Honour's Knight

Home > Science > Honour's Knight > Page 29
Honour's Knight Page 29

by Rachel Bach


  For the first time since I’d seen him talking to the baron, Rupert’s mask slipped. He lurched forward, eyes flashing with anger. “I’m trying to give you a chance to make your own decisions about your future,” he said. “You think I’m not aware of what’s at stake? That virus could be the end of the war I’ve fought my entire life. I should be dragging you back to Caldswell by your hair, but I won’t. I can’t. Because I love you, and I refuse to fight you anymore.”

  “You love me?” I shrieked. “You loved me when you shot me in the head! You loved me when you drove me off a cliff! If there’s anything I’ve learned about your love, Charkov, it’s that it only matters when it’s convenient for you.”

  “And that’s why I’m trying to make it right!” Rupert shouted, slamming his hands down on the bench so hard the steel frame bent.

  The sound made us both jump. Rupert snatched his hands back at once, then rubbed them over his face. “I’m not lying to you, Devi,” he said, his voice softer but not yet calm. “I know I’ve hurt you too much to ever make you believe that, but it’s the truth.” He blew out a long breath. “Can I tell you a story?”

  I almost told him no, but that was just my anger talking. I was actually curious to hear what kind of story Rupert thought could make me trust him ever again. I rested the heavy gun on my lap and motioned for him to go ahead, but Rupert didn’t start at once.
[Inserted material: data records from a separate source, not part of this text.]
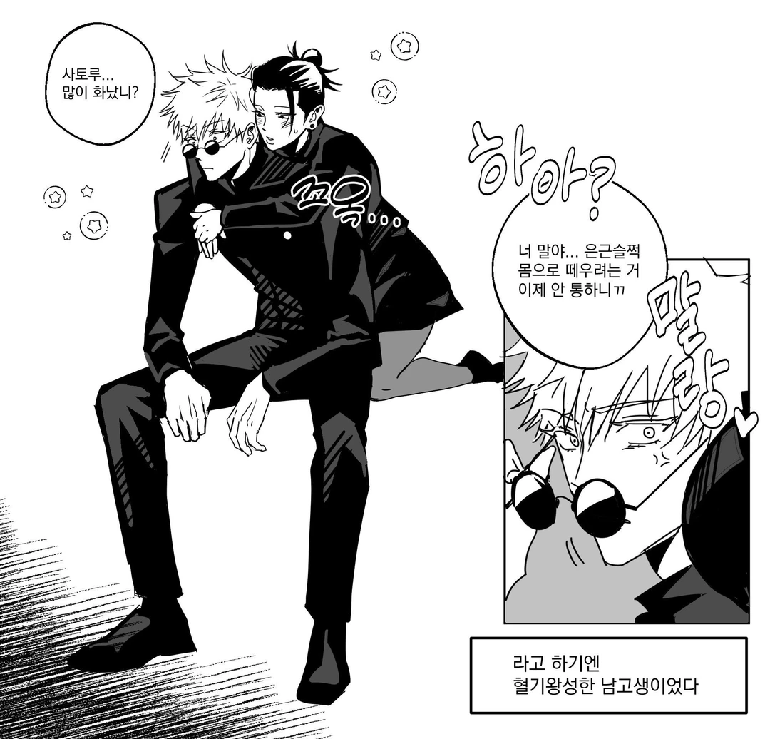 고죠를 끌어안으며 사토루... 많이 화났니?
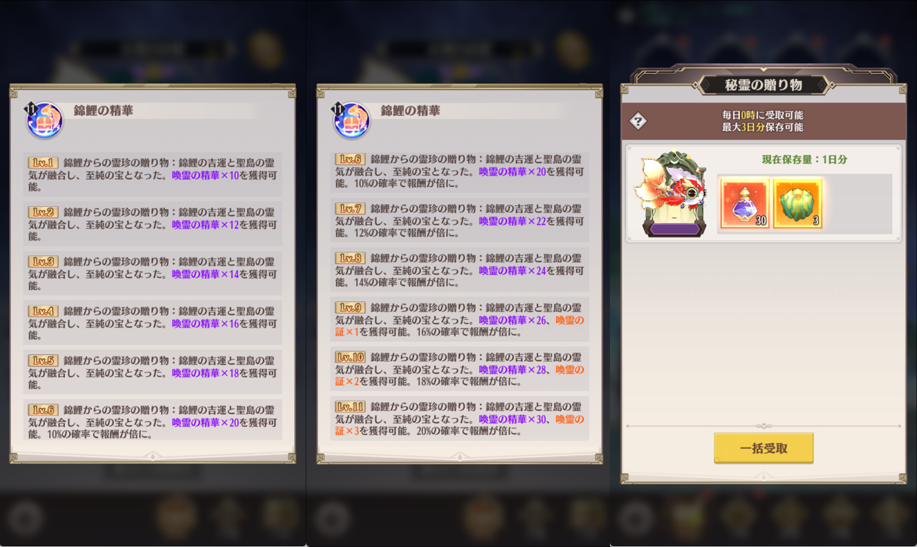 1.秘霊の贈り物とは、一部の秘霊スキルの効果により、每日0時に与えられる報酬のことです。
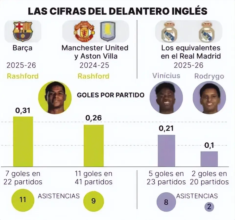 在国王杯打入一球之后,拉什福德本赛季在巴萨的各项赛事数据已经来到7球11次助攻上上策,与此同时皇马的巴西双子星韦尼休斯和罗德里戈的数据之和是7球10助攻。
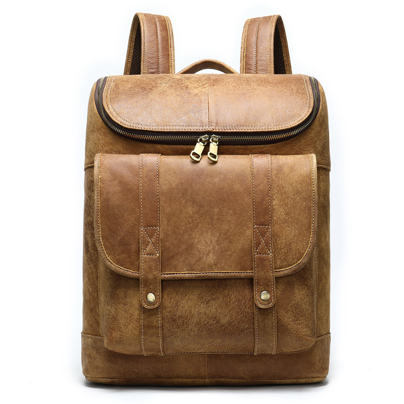 Material:Genuine LeatherColor:BrownSize:32cm*12cm*39.5cm(L*W*H)Style:BackpackStructure:main bag, zip pockets,object bits,Computer bit
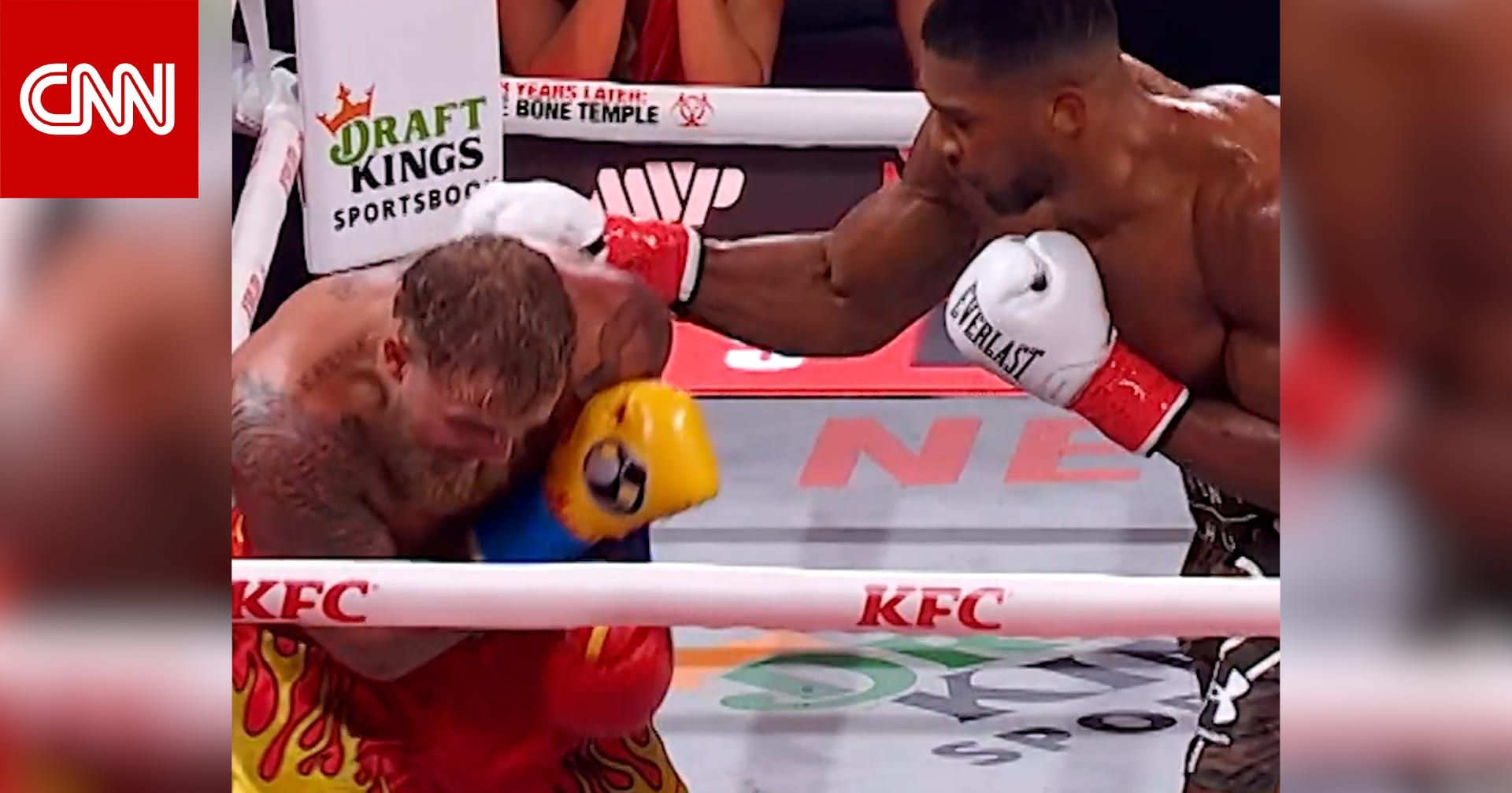 وبُثّ النزال مباشرةً على نتفليكس، وبدا أن جوشوا قد كسر فك بول خلال النزال.

  He’d been the one offering to talk, but now that he was on the spot, Rupert seemed hesitant. That was unusual. He was usually the decisive one, the man with the plan. Now, though, Rupert looked almost afraid, and I slowly realized that whatever story he was trying to tell me wasn’t one he told often, or liked to tell at all.

  “I’ve been an Eye for a long time,” he said at last. “It was the only thing I ever wanted to be.”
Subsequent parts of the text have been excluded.